Architecture Overview
OpenDB is designed as a modular, hybrid database system that combines multiple database paradigms while maintaining high performance and ACID guarantees.
System Architecture
┌─────────────────────────────────────────────────────────┐
│ OpenDB Public API │
├─────────────┬──────────────┬──────────────┬─────────────┤
│ Key-Value │ Records │ Graph │ Vectors │
│ Store │ (Memory) │ Relations │ (HNSW) │
├─────────────┴──────────────┴──────────────┴─────────────┤
│ Transaction Manager (ACID) │
│ WAL + Optimistic Locking + MVCC │
├──────────────────────────────────────────────────────────┤
│ LRU Cache Layer │
│ (Write-Through + Invalidation) │
├──────────────────────────────────────────────────────────┤
│ Storage Trait (Pluggable Backend) │
├──────────────────────────────────────────────────────────┤
│ RocksDB Backend (LSM Tree) │
│ Column Families + Native Transactions + WAL │
└──────────────────────────────────────────────────────────┘
Core Components
1. Storage Layer
- Backend: RocksDB (high-performance LSM tree)

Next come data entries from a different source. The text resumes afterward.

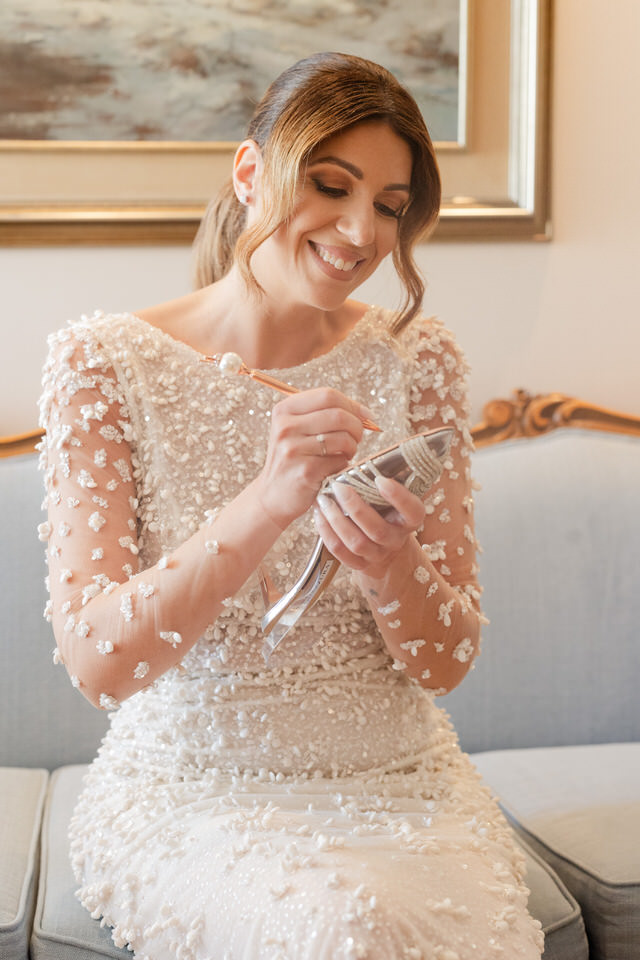 Για τη νύφη, η ατμόσφαιρα ήταν γεμάτη “Good Vibes”, όπως μαρτυρούσε και το καθρεφτάκι της.
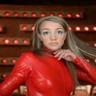 En un traje rojo de látex ruidoso, la también actriz corea su éxito internacional “Oops!...I did it again” mientras ensaya la coreografía sin la pista de la canción.
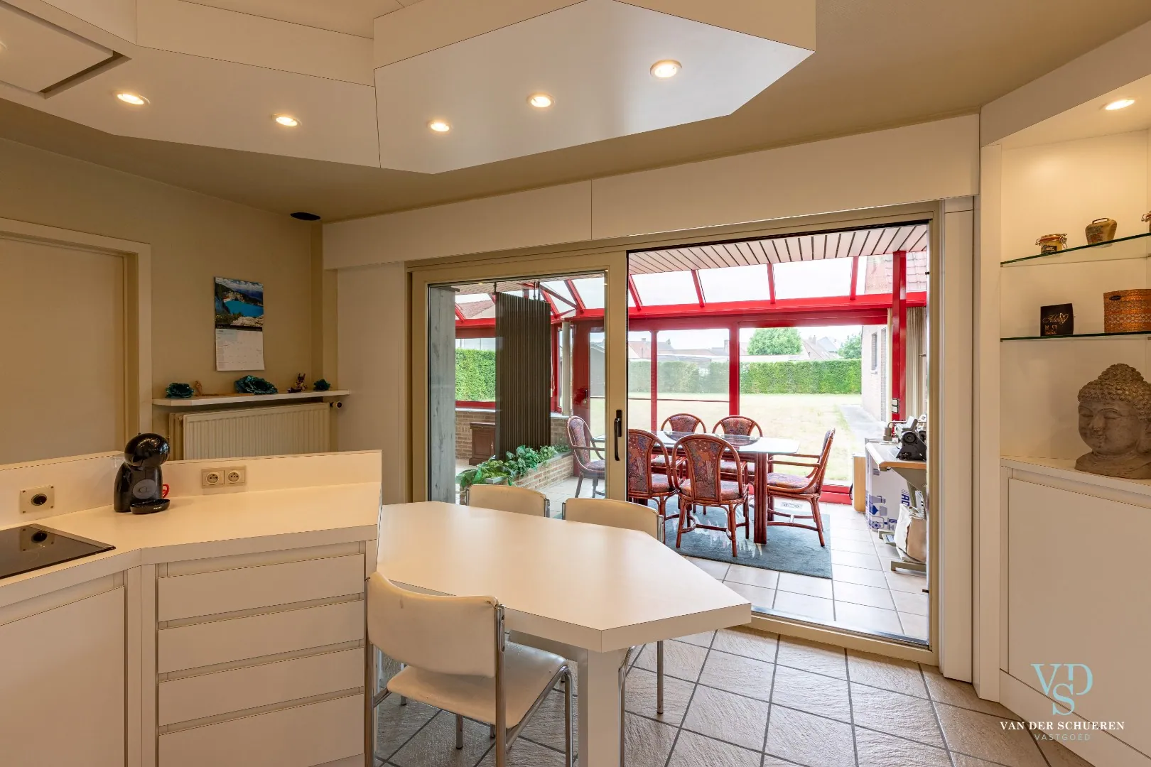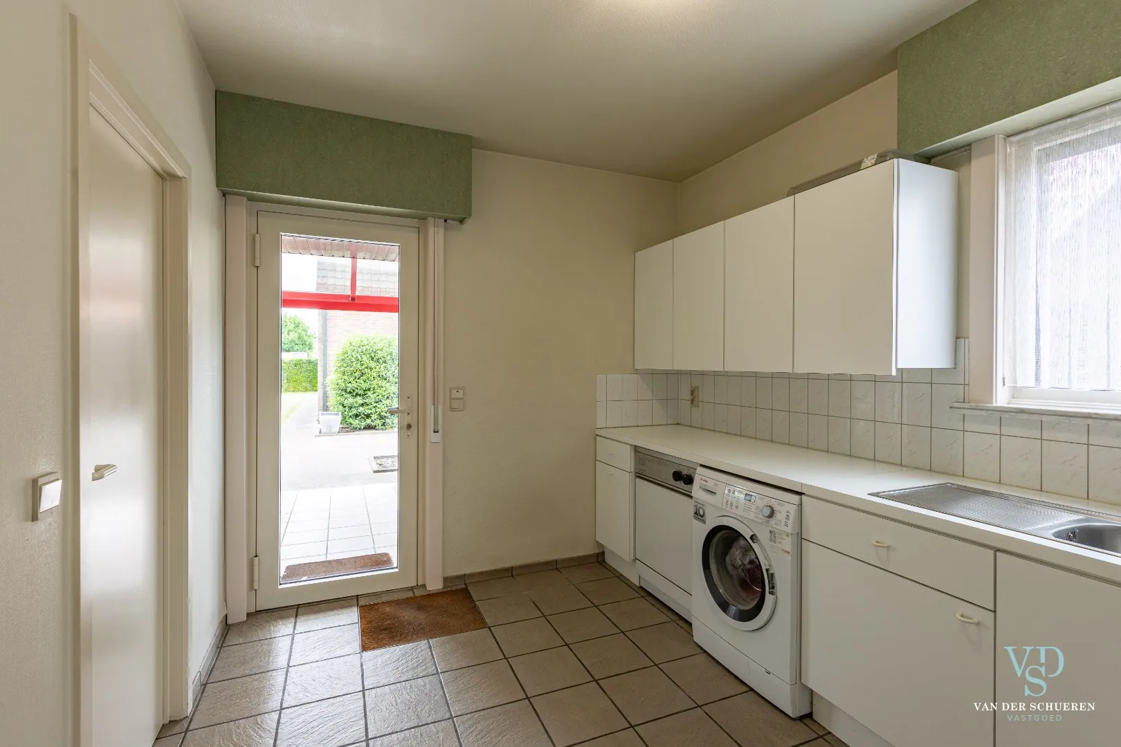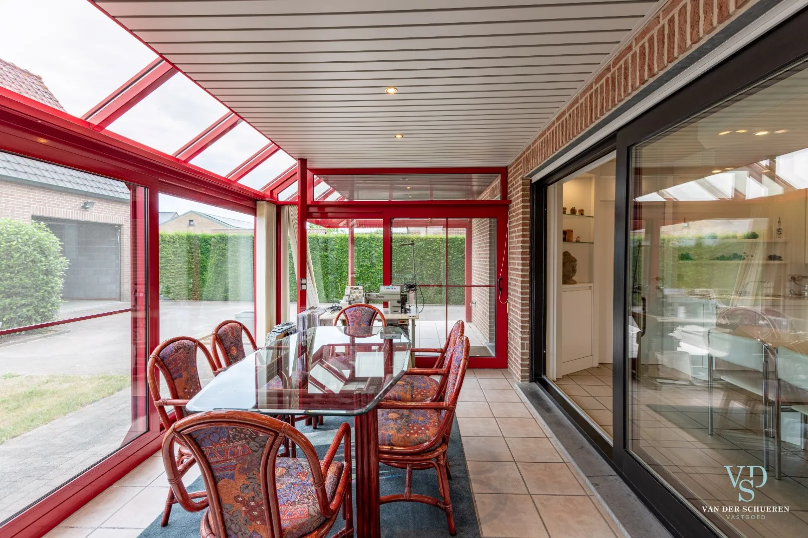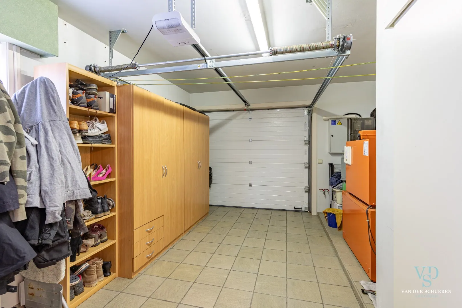 Deze eigendom beschikt op het gelijkvloers over een aangename inkomhal met gastentoilet, leefruimte, afzonderlijke keuken, ruime geïntegreerde leef-veranda, wasruimte, berging en een inpandige garage mét sanitaire hoek.
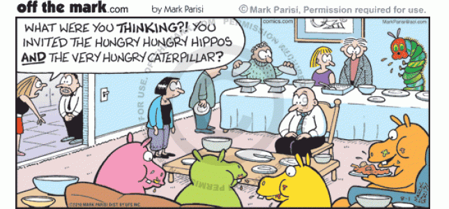 Hungry Hungry Guests Wife scolds husband for inviting hungry caterpillar and hippos as they ate all the food.
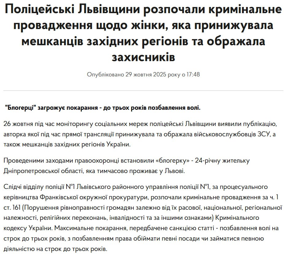 Полиция сообщает, что следователи возбудили уголовное производство по ч. 1 ст. 161 УК – нарушение равноправия граждан по региональной принадлежности. Отметим, что та же статья предусматривает уголовную ответственность за дискриминацию по языковому признаку, на которую жалуются жители восточных регионов, переехавшие на запад Украины.

- Column Families: Namespace isolation for different data types
- Persistence: Write-Ahead Log (WAL) for durability
2. Transaction Manager
- ACID Guarantees: Full transactional support
- Isolation: Snapshot isolation via RocksDB transactions
- Concurrency: Optimistic locking
3. Cache Layer
- Strategy: LRU (Least Recently Used)
- Write Policy: Write-through (update storage first, then cache)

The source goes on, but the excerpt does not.